### MATERIAL SHOWN

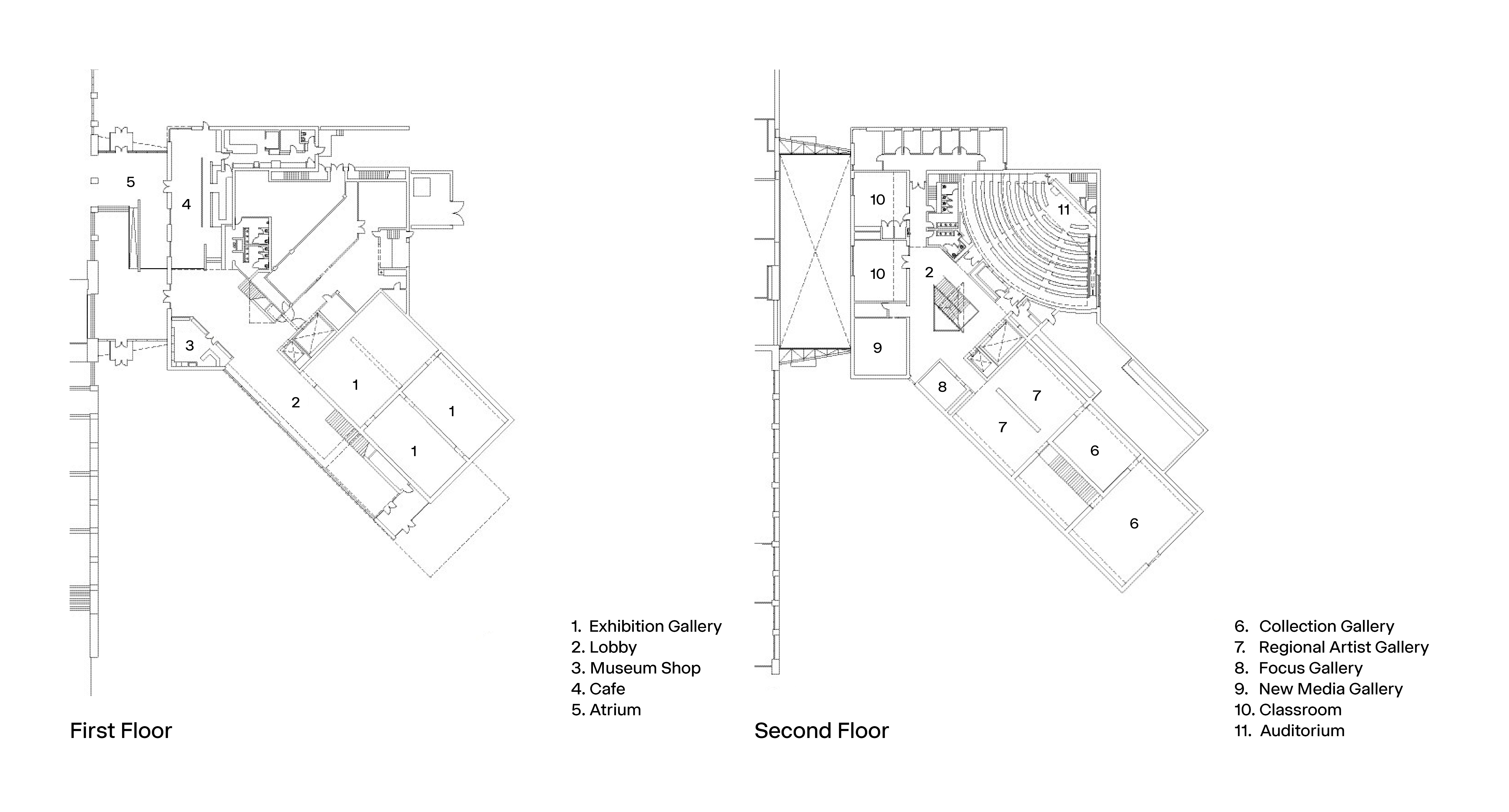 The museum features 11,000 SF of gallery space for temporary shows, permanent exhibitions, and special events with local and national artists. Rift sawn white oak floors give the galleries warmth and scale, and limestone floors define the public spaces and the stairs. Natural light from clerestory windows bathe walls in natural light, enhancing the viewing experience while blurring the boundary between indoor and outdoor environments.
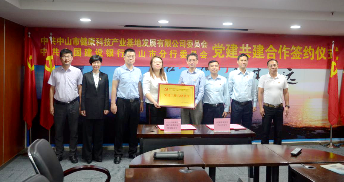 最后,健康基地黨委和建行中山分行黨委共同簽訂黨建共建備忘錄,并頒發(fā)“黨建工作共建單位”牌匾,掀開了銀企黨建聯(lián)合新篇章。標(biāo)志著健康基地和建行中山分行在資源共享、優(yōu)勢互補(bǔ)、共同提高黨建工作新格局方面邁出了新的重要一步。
--
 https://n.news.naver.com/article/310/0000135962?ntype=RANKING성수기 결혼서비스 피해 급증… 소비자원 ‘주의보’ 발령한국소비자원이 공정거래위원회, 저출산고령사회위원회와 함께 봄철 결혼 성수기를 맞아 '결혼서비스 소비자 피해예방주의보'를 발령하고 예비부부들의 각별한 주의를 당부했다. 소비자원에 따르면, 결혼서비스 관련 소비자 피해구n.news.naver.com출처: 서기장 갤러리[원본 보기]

### WHAT TO WORK ON
Copy word for word only the lines above from the one with "The museum features" through the one with "最后,健康基地黨委和建行中山". Leave pictures out.

### WRITTEN SOLUTION
 The museum features 11,000 SF of gallery space for temporary shows, permanent exhibitions, and special events with local and national artists. Rift sawn white oak floors give the galleries warmth and scale, and limestone floors define the public spaces and the stairs. Natural light from clerestory windows bathe walls in natural light, enhancing the viewing experience while blurring the boundary between indoor and outdoor environments.
 最后,健康基地黨委和建行中山分行黨委共同簽訂黨建共建備忘錄,并頒發(fā)“黨建工作共建單位”牌匾,掀開了銀企黨建聯(lián)合新篇章。標(biāo)志著健康基地和建行中山分行在資源共享、優(yōu)勢互補(bǔ)、共同提高黨建工作新格局方面邁出了新的重要一步。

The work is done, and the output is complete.